Financial crashes are common in modern market economies. The first notable one occurred in Amsterdam in the 1630s when a bursting speculative bubble on tulips caused enough financial ruin for wealthy investors to create a recession. Other crashes occurred in the 1700s and the 1800s linked to risky colonial exploits and the adventurous building of canals and railroads. The stock market crash of 1929 that initiated the Great Depression was followed by a succession of postwar collapses throughout Europe. The Great Recession of 2008 — some effects are still echoing throughout the global economy — is just the latest in this parade of financial crashes.
Five steps to crashing a market
A brilliant analysis of these crashes is provided by the Canadian-born economist John Kenneth Galbraith (1908 – 2006) in his book, A Short History of Financial Euphoria. His ideas form the basis for an illuminating commentary by Professor Christopher Ragan, an economist teaching at McGill University (Globe and Mail, Sept. 17/13). Each financial crash, according to Galbraith, contains five common elements.
The first is a novel “investment or financial instrument” that attracts and excites investors. A creative and new mechanism for making money is an irresistible lure for those looking for quick and generous profits. The result is a flood of speculative investing.
Complex problem
The second is the complexity of many of these “investment and financial instruments”. Investors may not fully understand how they work but the high returns confirm that a valid strategy is operative. Adding to this allure is the investor’s feeling that someone of superior intelligence or special insight has found an undiscovered investment mechanism for success. Investors commonly overlook the reality that much of the activity in market economies is irrational, more the result of group psychology than financial acumen.
The “L” word
The third element in financial crashes, according to Galbraith, is too much borrowing — excessive “leverage” is the technical term. The temptation here is frequently irresistible. If $10,000 in personal capital is used to borrow $1,000,000 at 5% interest to invest in a scheme that will yield a 15% return, then the original $10,000 risk earns $100,000 in profit once the debt plus interest is repaid.
Leverage vastly magnifies profits. But it similarly magnifies losses if the investments fail. When a large number of individuals and financial institutions are too heavily leveraged because of an euphoria of loaning and borrowing, then the entire economic system is exposed to structural collapse. The lost capital results in recessions or depressions.
Passing the buck
The fourth element in Galbraith’s analysis is the “assignment of blame”. Failure is usually ascribed to incompetent developers, to unscrupulous mortgage lenders, or to financial institutions inaccurately rating risk. But, according to Galbraith, no one questions “the system” itself because to do so would cast doubt on the belief in market economies. Investors — indeed, entire cultures — are not willing to honestly examine their faith in an economic system that has generated so much wealth in its brief history.
Those who don’t learn from history…
Galbraith’s fifth and last element notes the failure of investors to learn from experience. Forgetting guarantees that the repeated lessons of history keep disappearing into a renewed innocence that will continue replaying variants of the same mistakes. So, in Galbraith’s analysis, financial crashes are sure to be a recurrent and disruptive rhythm in market economies.

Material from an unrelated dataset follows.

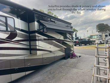 Our customer chose a Black Migliore vinyl wrap to match the black hardware. Once the awning is rolled up the rollertube & canvas fabric is covered by a 14" wrap that protects the CoachGuard acrylic canvas from wear and tear. The look is streamlined and neat.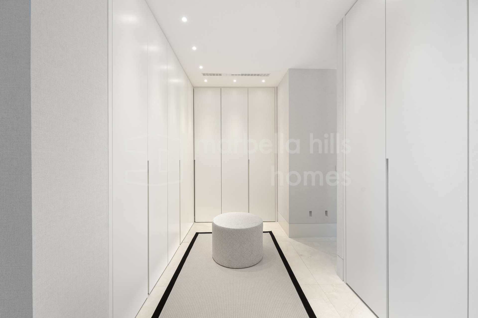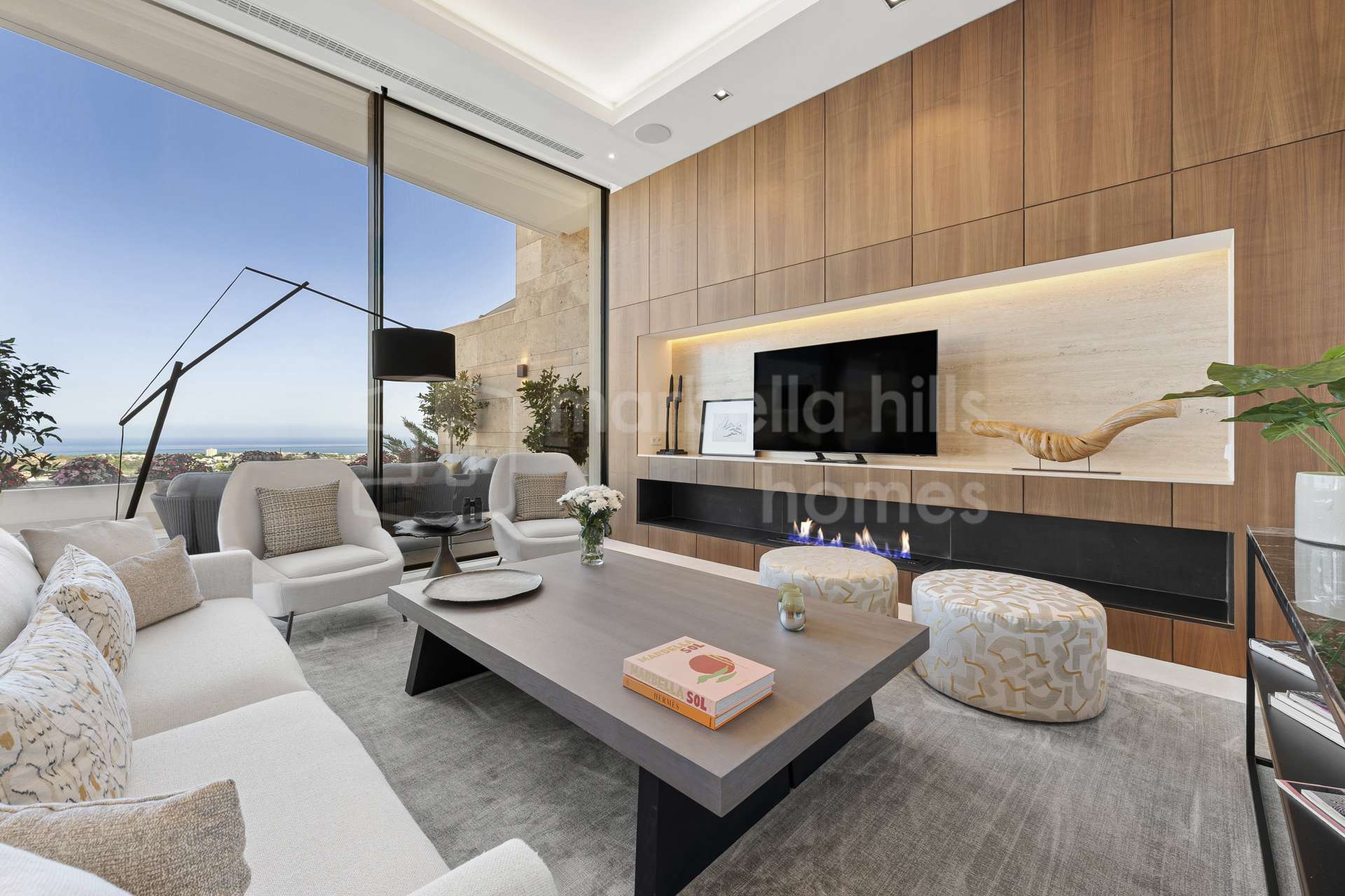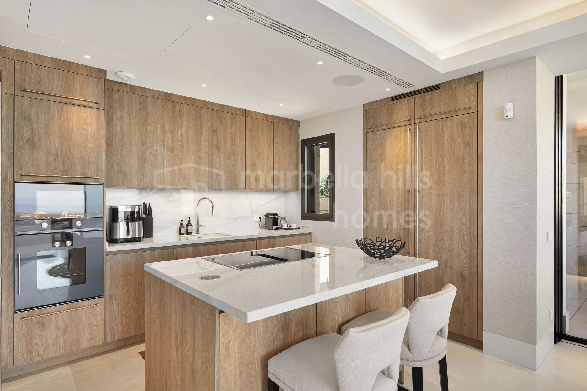 Set within an intimate gated community of just seven residences, privacy and serenity are woven into every corner. Inside, the open-plan layout is anchored by a designer kitchen fitted with Gaggenau and Miele appliances, flowing seamlessly into a bright and spacious living area. Floor-to-ceiling sliding windows vanish to reveal an expansive L-shaped terrace, where al fresco dining, a summer kitchen, and a lounge area invite year-round enjoyment under the Andalusian sun.

The cost of these financial crashes in a market economy, however, may be a small price to pay for the material benefits that accrue to a culture embracing such a system. Despite the flaws, a market economy is a powerful and effective technique for producing wealth. Significantly, the system routinely survives the shocks of these crashes, invariably reassembling itself from the financial and social wreckage to carry on with bigger and more ambitious endeavours. Regardless of its failings and the temporary traumas that result, the system itself may be so resilient as to be almost immune to destruction.
The system is never doubted
This resilience may explain why, as Galbraith notes, “the system” is never doubted by those whom it damages or destroys. Its adaptability, flexibility and durability is such a perfect image of humanity’s own character that we would only modify or abandon it under the most extreme of circumstances.
This entanglement of resilience and image has profound environmental implications. What if a fundamental mismatch exists between market economies and nature’s structural integrity? What if the insatiable wealth ethic that governs market economies is incompatible with the constraining limits inherent in ecosystems? What if we have invented an economic system whose durability renders it unstoppable, whose destruction of nature is inevitable, and whose reflection of our own image precludes us from changing it without a radical change in ourselves?
If the answers to these questions are all affirmative, then the economic system we have devised may be on an unavoidable collision course with nature. While we can stoically and patiently endure the costs and inconveniences of repairing financial crashes, crashing any of the planet’s essential ecosystems may be permanent, catastrophic and far more difficult to survive.
“People of privilege will always risk their complete destruction rather than surrender any material part of their advantage. Intellectual myopia, often called stupidity, is no doubt a reason. But the privileged also feel that their privileges, however egregious they may seem to others, are a solemn, basic, God-given right. The sensitivity of the poor to injustice is a trivial thing compared with that of the rich. So it was in the Ancien Regime [in 18th century France]. When reform from the top became impossible, revolution from the bottom became inevitable.”